Since 2013, Grip has worked as a robotics technologist in the Guidance and Control Analysis Group at NASA's Jet Propulsion Laboratory at the California Institute of Technology. He led the Mars Helicopter Guidance, Navigation, and Control team, where he designed algorithms and software that helped control and guide the martian helicopter Ingenuity. Grip's role as chief pilot included planning the flight, constructing command sequences, and analyzing the flight data for the helicopter. Other team members that took part in the helicopter project included program executive Dave Lavery, chief engineer Bob Balaram, and project manager MiMi Aung.

The Martian helicopter was launched from Earth along with the rover Perseverance as part of NASA's Mars 2020 mission, a part of NASA's Mars Exploration Program. The rover's mission is to identify martian environments that is capable of supporting life.

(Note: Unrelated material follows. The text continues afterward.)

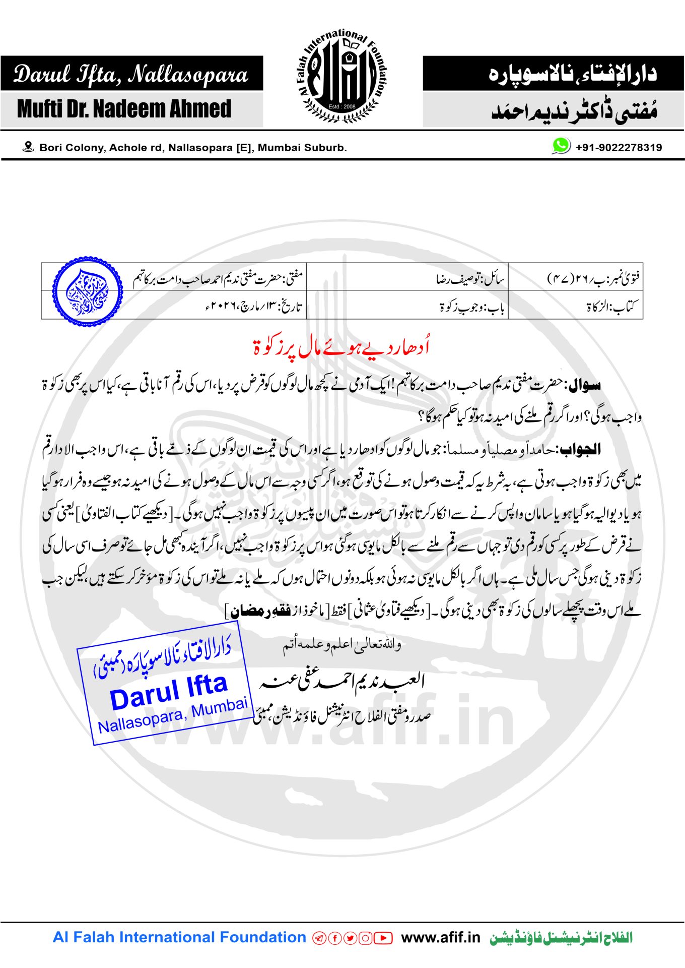 صدرو مفتی الفلاح انٹرنیشنل فاؤنڈیشن، ممبئی

One of its instruments includes the Radar Imager for Mars' Subsurface Experiment, which is a georadar developed by the Norwegian Defence Research Establishment, led by principal investigator Svein-Erik Hamran, and a team that includes scientists from Norway, Canada and the United States.

On April 19, 2021, at 11:30 UTC, Grip flew Ingenuity for 39.1 seconds, raising the helicopter vertically about 10 ft, rotating in place 96 degrees in a planned maneuver, and landing it successfully.

Grip's research interests include nonlinear control and observer design, navigation and vehicle state estimation, decentralized control of heterogeneous systems, and structurally based design techniques for stability and robustness of nonlinear systems.

== Selected publications ==
- H. F. Grip, A. Saberi, and T. A. Johansen, "Observers for interconnected nonlinear and linear systems," Automatica, vol. 48, no. 7, pp. 1339–1346, 2012.

- H. F. Grip, T. Yang, A. Saberi, and A. A. Stoorvogel, "Output synchronization for heterogeneous networks of non-introspective agents," Automatica, vol. 48, no. 10, pp. 2444–2453, 2012.

- H. F. Grip, L. Imsland, T. A. Johansen, J. C. Kalkkuhl, and A. Suissa, "Vehicle sideslip estimation: Design, implementation, and experimental validation," IEEE Control Systems Magazine, vol. 29, no. 5, pp. 36–52, 2009.